Saturday afternoon rant.

IRONY ALERT: this rant may not be suitable for children under the age of 12.

This short rant is inspired by a Culturemap piece that Joel Luks wrote this week. (I’m sorry Joel, for cashing in on your own article, but I just gotta get this off my chest.) You can read Joel’s piece here, I’ll refrain from regurgitating it verbatim. The gist, however, is that a local community orchestra is prohibiting children under the age of 7 from attending concerts. Let me write that again, but this time with suggestive typeface: a community orchestra is prohibiting children under the age of 7 from attending concerts. So much for the community, huh?

Now, we’ve all been more than a little annoyed with children at movie theaters, restaurants, libraries, and everywhere else on the planet. I refuse to enter any fast food establishment that has a play place, as I know that the sound of screaming children and the sight of them running around the dining area makes me want to run through a plate-glass window. I have a two year old daughter. Hell, sometimes the sound of her screaming and the sight of her running around our dining area makes me want to run through a plate glass window. McDonald’s allows for unruly children. A play place wouldn’t have been erected and a clown wouldn’t have been adopted as their spokesperson otherwise. Most parents seem to have the good sense to take their children to places best suited for young kids, but occasionally parents decide to go elsewhere for breakfast/lunch/dinner/4thmeal. In my opinion, this is necessary for kids to learn several important things: food shouldn’t always come with toys, food should sometimes be healthy, and that restaurants and gymnastics go together like cookies and sandcastles. It is important for parents to include their children in things other than “child/kid-friendly” environments because that is how they learn to adapt to the world around them. Very few things in my adult life include jungle-gyms and sing-alongs, and children need to learn that this is, more often than not, the general rule.
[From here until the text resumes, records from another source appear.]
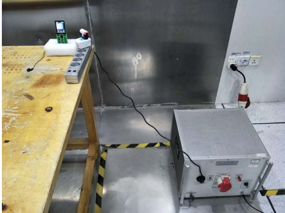
Test Site 1#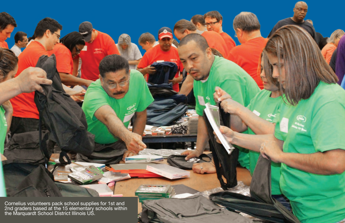
Cornelius volunteers pack school supplies for 1st and 2nd graders based at the 15 elementary schools within the Marquardt School District Illinois US.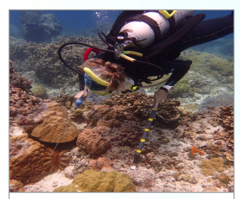
Collaborative partnerships continue with natural resource managers and local scientists for mitigation efforts with the Crown of Thorns (COTS) at Gun Beach, June 2018.

The Bureau of Statistics and Plans applied and received nine (09) grant awards totaling $16 million. BSP manages approximately $23 million in both new and active grants. USDOJ, NOAA and DOI grants are awarded for a 2 to 3 year grant period with 90% passed to subrecipients to implement criminal justice projects, coastal and environmental initiatives. The Census Grant will be used for recruitment, hiring, training, communications and outreach.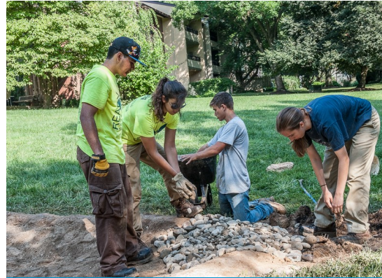
The READY Program hard at work

The READY program offers an ongoing maintenance program which visits the site 4-6 times per year to ensure the success of the storm water features installed.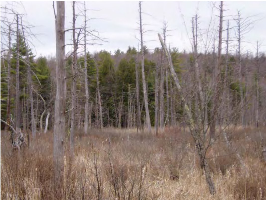
4. Snags provide a valuable habitat feature within much of Wetland #9a.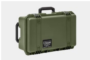
Case VMH3CS Item No. 2802360101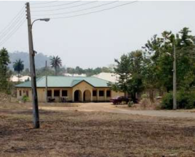
Some of the Prison's infrastructures.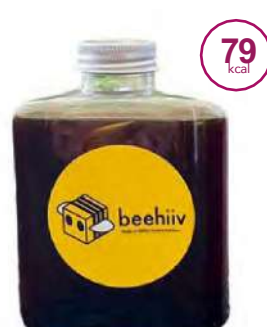
NUTTY BUTTERY COLD BREW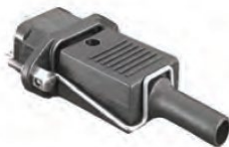
Retainer clip (included)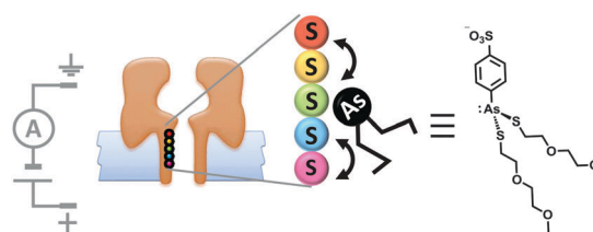
Fig. 18 Stochastic walking of a small molecule within a transmembrane nanopore. 40

in the field of synthetic molecular walkers, the random walk of a small molecule inside a protein nanopore has been observed (Fig. 18). 40 The approach employed a mutant \alpha -haemolysin ( \alpha -HL) nanopore that contained five cysteine residues within the transmembrane stem. The molecular walker was formed in situ by the reaction of 4-sulfophenyl arsenous acid and 2-(2-methoxyethoxy)ethanethiol. Changes in the transmembrane ion current flowing through the pore revealed that the arsenous molecule walked stochastically by reversible formation of covalent bonds between the arsenic of the walker and the cysteine residues in the transmembrane stem. The motion of the walker was biased by the direction of the applied potential to move towards a thermodynamic sink.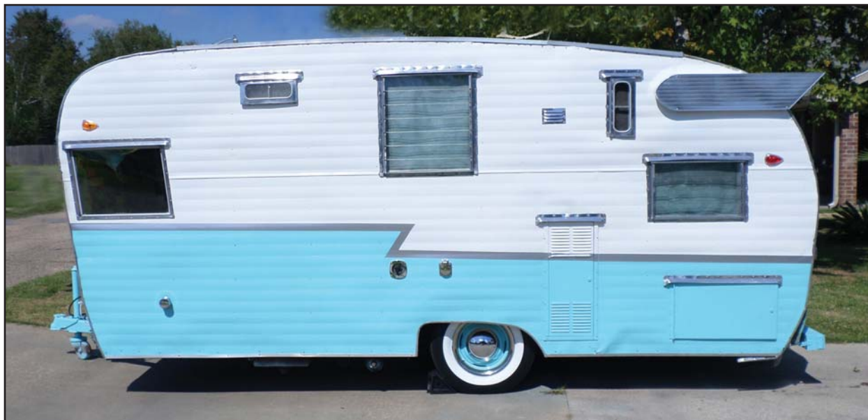
1960 Shasta Deluxe 19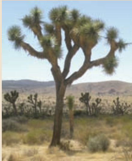
Joshua tree at the center of a magic circle.

In the evening against the silhouette of the rocky hills surrounding the valley and the colorful clouds, small pipistrellid bats darted overhead. The last notes of the thrasher were heard far away. As the sky grew darker, bringing out the stars, we looked beyond our Magic Circle to that larger circle, the rim of the horizon.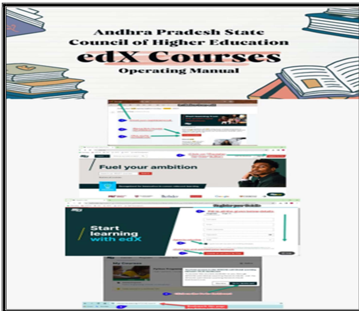
STUDENTS REGISTRATION FOR EDX COURSE

The II and IV Semester Students of our college got registered in Edx Courses prescribed by Andhra Pradesh State Council of Higher Education and Sri Venkateshwara University, Tirupathi.

Lately, it has come to my attention several times that more establishments are looking to generate a kid-free environment. I get that bars, strip clubs, rated-r movies, and casinos should be kid-free, but why a restaurant or a concert hall? What is it exactly that some adults want to be doing in a concert hall that a child’s presence would prohibit them from doing? Do these people want to light up a joint, yell strings of expletives, and dance naked of tables? Do that at home buddy, I’m here with my wife and I just want to eat without you bothering me! All kidding aside, I know that these people want to enjoy their music or meal in peace, but do they really think that adults are any better to be around? What about the adults that never quite learned how to act like adults around other adults in adult situations? I’m constantly annoyed by loud adult talkers at restaurants, adults ignoring smoking ordinances, adults with loud and smelly candy during emotive quiet moments at the symphony, and adults that never learned personal space. Don’t get me started about adults who own cars and drive (talk about asshole central!). Adults make me angry because we supposedly have the ability to think through situations rationally and control our own behavior, but many make a conscious decision to ignore that ability. Children have an excuse. The nice little old lady who unwraps her delicious mint DURING the performance is just inconsiderate (Here’s a thought, put the HALLS cough drop in your mouth before the downbeat. I can hear your candy. WE CAN ALL HEAR YOUR CANDY! The maestro can hear it and thinks you should leave, but is a gentleman and puts up with it to save face).

If you want to enjoy your meal or music without being distracted by others, then do yourself a favor and learn to cook and buy a bitchin’ stereo. When you choose to enter into the public and be surrounded by others, then you forfeit various amounts of conveniences. Deal with it. I can’t ban your tacky shirt, don’t ban my child.